A new data collection effort conducted in Tanzania in partnership with the police since the end of 2017 might help mitigate this statistical power issue, but we are still waiting on the results.

### What are the limitations of the evidence on Zusha!'s effectiveness?

Limitations of the available evidence on Zusha!'s effectiveness include:

• No evidence on long-term effects of the intervention. Zusha! estimates that stickers have now reached 51,276 unique vehicles in Kenya, and it is estimated that there are 50,000 to 60,000 public service vehicles in the country as a whole.25 We have not vetted these estimates, but it seems that many vehicles and passengers have already been exposed to the intervention in the last few years. Additional funding in Kenya to maintain the program (for example, to replace worn stickers) might be less effective than past distributions: passengers may get used to the stickers and stop complaining, and drivers may stop putting the stickers up, making the stickers less effective in the long-term.26 We do not expect to see high-quality evidence on the effects of this intervention after multiple years of exposure. (Note: See Zusha!'s response on this point by clicking the "Charity response" tab at the top of this page or by seeing the following footnote.)27
• Initial imbalance in the accident rate in Habyarimana & Jack 2015. In the second RCT, the treatment group vehicles were found to have a statistically significantly higher accident rate (and were more likely to have had any previous insurance claim) before the treatment was implemented.28 It seems plausible to us that there are no systematic differences in characteristics between the treatment and control vehicles, but, by chance, the treatment vehicles happened to have more accidents in the time period before the treatment began, when the balance tests were taken. If the treatment and control vehicles are not systematically different, we can expect this imbalance to disappear over time; in other words, the accident rate in the treatment group will revert to the mean. This is problematic, because it means that the "treatment effect" estimated in Habyarimana & Jack 2015 might be confounded by the mean reversion of the accident rate in the treatment group.29 (Note: See Zusha!'s response on this point by clicking the "Charity response" tab at the top of this page or by seeing the following footnote.)30
• Spillovers. Passengers and drivers in the RCTs were not restricted to travel only in treatment or control vehicles, which creates possible spillovers31 (i.e., the treatment may have also reduced accidents to some extent in the control group, leading to an underestimate of the treatment effect). We attempt to adjust for this factor in our cost-effectiveness analysis.32
• Inconclusive evidence on mechanisms. We would be more convinced of the effectiveness of Zusha! if there were more evidence to show how the stickers have an effect. In Habyarimana & Jack 2015, the authors try to test mechanisms, but the evidence is mixed. There is no significant difference in reports of reckless driving or passenger complaints between the treatment and control vehicles.33 There is also no significant difference in maximum moving speeds.34 However, the average moving speed was slower for treatment vehicles than control vehicles, by about 1 km/h on average.35 Our intuition is that this difference is unlikely to be large enough to explain the observed treatment effect, though we have not conducted formal analysis. We also view the magnitude of the treatment effect as surprising since compliance with the intervention (as measured by lottery winning vehicles using all their stickers) was about 69% in Habyarimana & Jack 2011,36 and about 70-90% after one month and about 20% after six months in Habyarimana & Jack 2015.37(Note: See Zusha!'s response on this point by clicking the "Charity response" tab at the top of this page or by seeing the following footnote.)38

### How is the program monitored?

Zusha! has shared with us its monitoring methods and results to assess whether stickers are being distributed and whether vehicles continue to display stickers over time. Zusha!'s recent monitoring methods appear to be strong overall. We have not yet vetted underlying monitoring documentation. Our best guess is that Zusha! has achieved ongoing coverage of roughly 20-50% among its targeted vehicles. It is difficult to compare these estimates with the coverage rates achieved in the RCTs due to differing estimation methods, but we would guess that this represents similar coverage to what was achieved in the RCTs.
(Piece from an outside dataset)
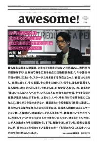 建築タブロイドマガジン『awesome!』の創刊を記念して、トークイベントを開催。創刊号を飾った中村真広さんの拠点、渋谷のco-baを会場に、媒体立ち上げに際し、試験的なインタビュイーになっていただいた5名の方々が集結!皆で、一斉に「今」と「未来」の建築の問題&可能性について、話が展開されました。来場いただきました皆様、ありがとうございました!

#### Types and representativeness of monitoring

Below, we focus on Zusha!’s monitoring of the coverage rate of stickers in vehicles in Kenya, since we see this as the most important mechanism for program success. Zusha! also has other monitoring processes, e.g. for sticker distribution and ensuring that lottery winners receive payments, that we do not cover here but that are described in Zusha! report for GiveWell, Kenya, September 2017.
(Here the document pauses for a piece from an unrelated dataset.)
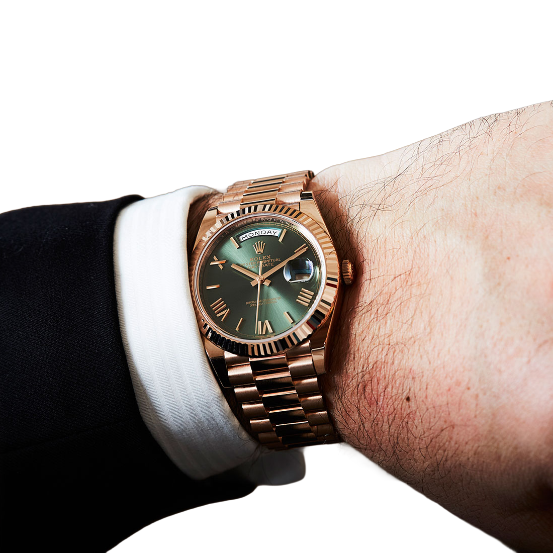 The legendary President bracelet in Everose gold provides exceptional comfort and refinement.

In brief, Zusha! has conducted 3 major kinds of monitoring to assess the coverage rate of stickers:

1. Lottery compliance: Zusha! and its partners follow up with vehicles that have won the lottery associated with its program (described above) to confirm that the stickers are being used; the vehicle must have stickers displayed correctly in order for the driver (and other actors in the sticker distribution chain) to receive lottery winnings. Zusha! and its partners told us that they conducted this monitoring for three 2-3 month periods since 2015, inspecting 263 vehicles and finding a compliance rate of about 80-90% among inspected vehicles.39 However, we and Zusha! suspect that this is an overestimate of true compliance; Zusha! has some anecdotal evidence that some agents and/or drivers may keep stickers in an envelope until they learn that they have won the lottery and then display the stickers for the inspection.40
2. National Transport and Safety Authority (NTSA) inspections: Zusha! partners with the NTSA, which aims to inspect all PSVs in Kenya at least once per year, to distribute and assess coverage of stickers. Prior to mid-2017, Zusha! found it challenging to collect high-quality data from NTSA centers.41 To address this, in mid-2017 Zusha! hired its own staff members to collect data at NTSA centers regarding sticker compliance and sticker distribution.42 Zusha! shared with us a few months of data from inspections of about 10,000 vehicles which found that, prior to receiving any new stickers, about 30% of vehicles had at least one sticker and about 12% of vehicles had all stickers.43 However, we believe this may underestimate compliance because, in a small survey, Zusha! found that, prior to the sticker check, about 20% of vehicles were cleaned and had stickers removed as part of the cleaning process.44 Zusha! told us that data quality checks on NTSA inspections include a) checking photos of stickers taken by enumerators to ensure stickers are displayed properly, and b) asking enumerators to record the audio of surveys so that other Zusha! staff can randomly backcheck 10% of audio recordings to ensure protocols are being followed.45 Zusha! shared the error rate of some of these checks and noted that it discovered some non-compliance using these methods.46 We have not conducted any auditing of this monitoring or asked for underlying documentation.
3. Bus park checks: Zusha! told us it conducted two rounds of compliance checks over a period of several months in 2017 in PSV parks across central and southern Kenya.47 These checks aimed to reach a large convenience sample; they were not designed to be nationally representative and did not randomly survey vehicles within bus parks, though they did aim to cover a variety of bus parks to improve representativeness.48 The survey covered roughly 21,000 vehicles49 and found that about 22% of vehicles had all stickers and about 55% of vehicles had at least one sticker.50 Zusha! told us that data quality checks included picture and audio backchecks similar to those described for NTSA inspections above, and Zusha! shared error rates from these checks.51

We have not vetted any of the above monitoring by auditing examples of it or asking for underlying documentation.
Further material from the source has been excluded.